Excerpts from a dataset
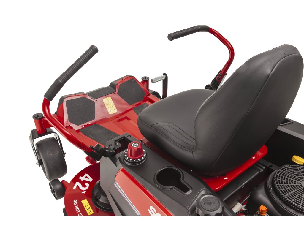 Výšku sečení lze snadno nastavit pomocí ovládacího kolečka a je k dispozici ve 13 polohách mezi 25 až 102 mm. Díky odolnému ocelovému žacímu ústrojí se šířkou sečení 107 cm můžete efektivně a rovnoměrně sekat trávníky až do 12 000 m². Hydrostatická převodovka, ergonomická poloha sezení, elektrické zapínání nožů a integrované LED světlomety doplňují komfortní balíček této sekačky s nulovým poloměrem otáčení.
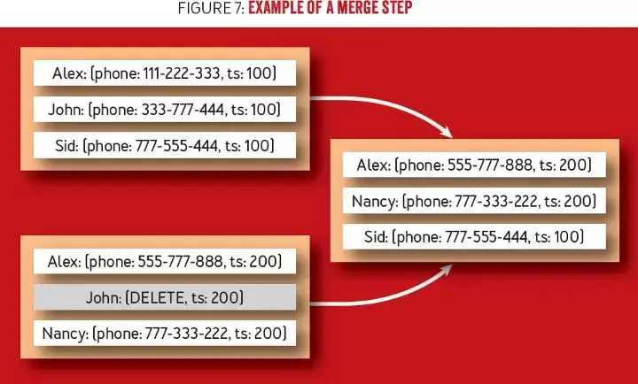 为确保实现删除和更新,也必须要合并步骤。删除时,会在 LSM 树中插入一个占位符,通常称为“墓碑”(tombstone)。墓碑用于标记被删除的键。类似地,更新时也仅是增加一个具有更迟时间戳的记录。在读取期间,将跳过被标记为删除的记录,不返回给客户。更新中也采取类似的做法,对于两个具有同一键的记录,只返回时间戳更晚的记录。图 7 显示了合并是如何整合存储在独立表中具有同一键的数据。如图所示,Alex 的记录写入的时间戳为 100,更新了电话后记录的时间戳为 200。John 的记录是被删除的。其它两个条目保持原状,因为它们并未做标记。
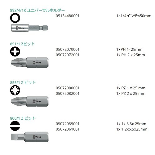 実践的なビットチェックで狭いスペースに6本のWeraビットをわかりやすく配置。 |
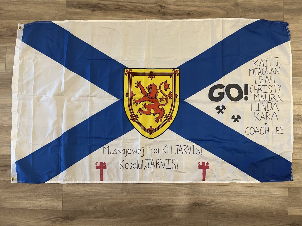 Once I got into Natick, I spotted fellow undergrad and law school alumnus and runner Marc LeClair (who told me that he was driving down to cheer on fellow Nova Scotians). He held up a large Nova Scotia flag with various runners’ names from the province on it, and had a message written for me in Mi’kmaw: “Muskajewej l’pa ki’l Jarvis. Kesalul,” which translates to, “You are excellent. I love you.” I absolutely appreciated it. At about three kilometres after that, I saw Kerri, holding up the sign that she made for me two days before at the expo. It was another piece of motivation that I was grateful for.
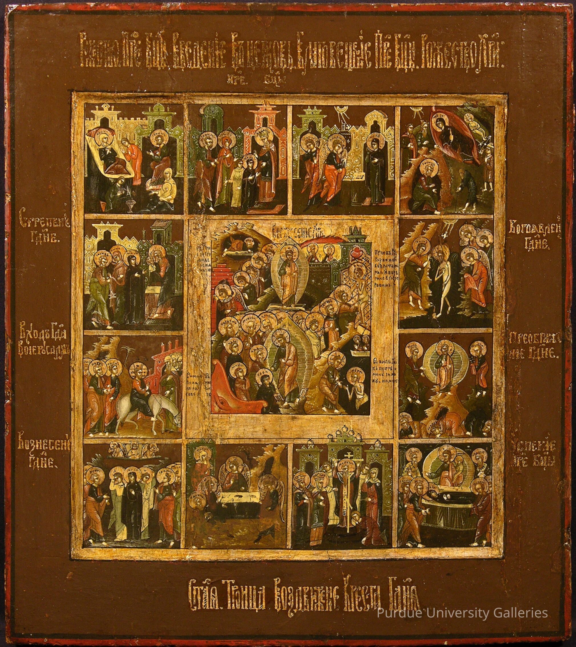 Tempera on curved wooden panel bordered in maroon and black. Gold Cyrillic captions are located at the top, bottom, and 3x on each side of the lowered central image. The largest image in the middle shows a variety of scenes with Christ shown three times (forward facing, facing the left, and bent over facing the right) clothes in light brown-pink robe over a gray-green tunic. The head of a red fish is in the lower left corner. Surrounding this image are twelve other miniature paintings depicting scenes in Christ's life.Type of Painting
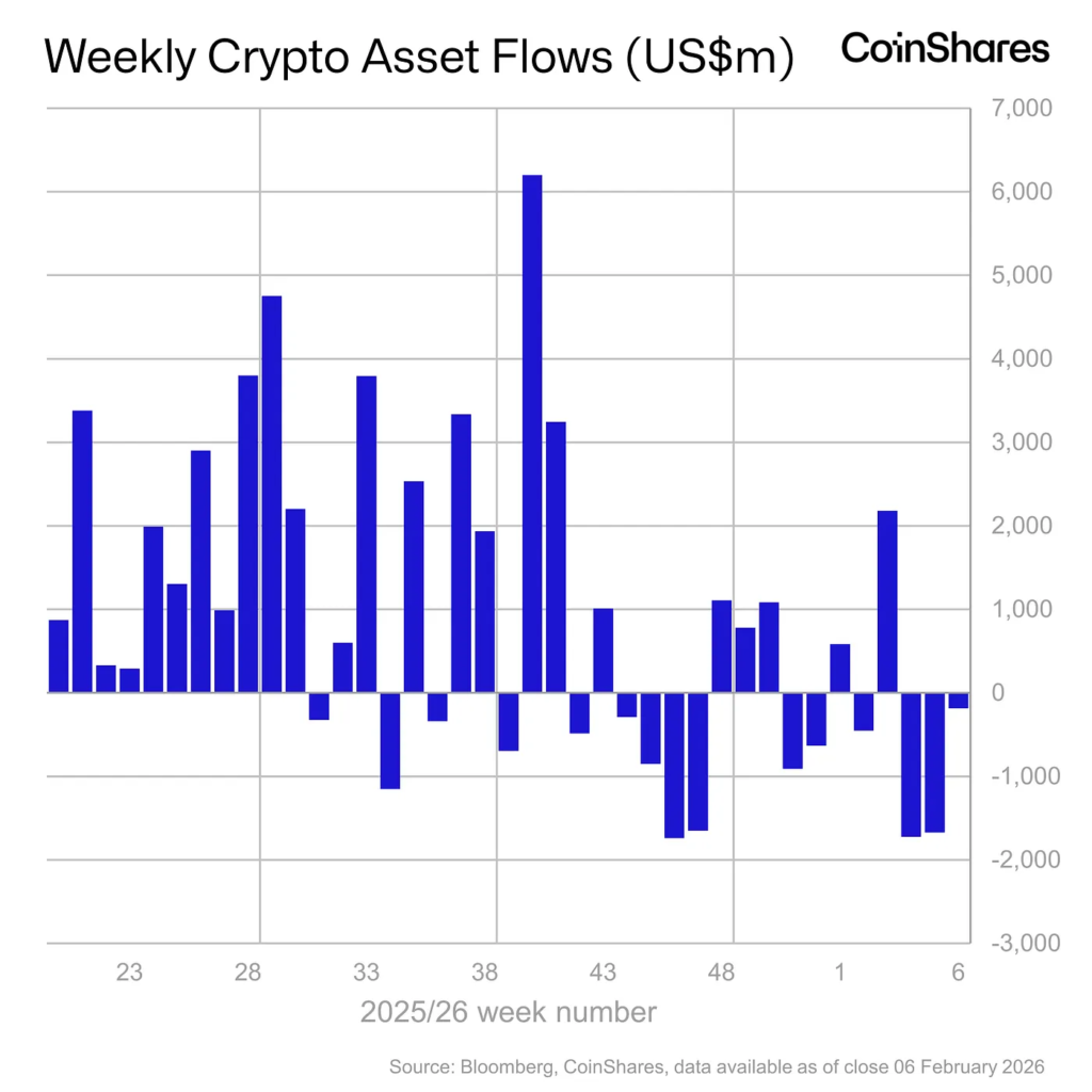 Recent data from CoinShares indicates that crypto investment products from major asset managers, including BlackRock, Fidelity, and Grayscale, are experiencing a significant slowdown in net weekly outflows. This trend is seen as an early sign of stabilization after a tumultuous period for digital asset markets. In the past week, global funds backed by cryptocurrencies reported net outflows of $187 million, a stark decrease compared to the previous two weeks, which saw approximately $1.7 billion withdrawn from the sector.
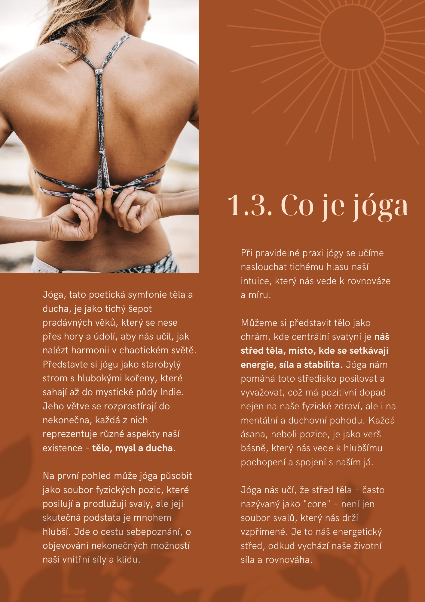 "Jóga není jen fyzická praxe, ale také cesta k objevování tajemství vlastního těla a mysli. A srdcem této cesty je střed těla – místo, kde se setkává síla, rovnováha a harmonie."

TASK DIRECTIONS: Restate the lines of the records exactly, starting at the first and stopping after the line with "100,更新了电话后记录的时间戳为 200。John 的记录是被删除的。其它两个条目保持原状,因为它们并未做标记。". Leave out any picture.

RESPONSE TO THIS TASK:
 Výšku sečení lze snadno nastavit pomocí ovládacího kolečka a je k dispozici ve 13 polohách mezi 25 až 102 mm. Díky odolnému ocelovému žacímu ústrojí se šířkou sečení 107 cm můžete efektivně a rovnoměrně sekat trávníky až do 12 000 m². Hydrostatická převodovka, ergonomická poloha sezení, elektrické zapínání nožů a integrované LED světlomety doplňují komfortní balíček této sekačky s nulovým poloměrem otáčení.
 为确保实现删除和更新,也必须要合并步骤。删除时,会在 LSM 树中插入一个占位符,通常称为“墓碑”(tombstone)。墓碑用于标记被删除的键。类似地,更新时也仅是增加一个具有更迟时间戳的记录。在读取期间,将跳过被标记为删除的记录,不返回给客户。更新中也采取类似的做法,对于两个具有同一键的记录,只返回时间戳更晚的记录。图 7 显示了合并是如何整合存储在独立表中具有同一键的数据。如图所示,Alex 的记录写入的时间戳为 100,更新了电话后记录的时间戳为 200。John 的记录是被删除的。其它两个条目保持原状,因为它们并未做标记。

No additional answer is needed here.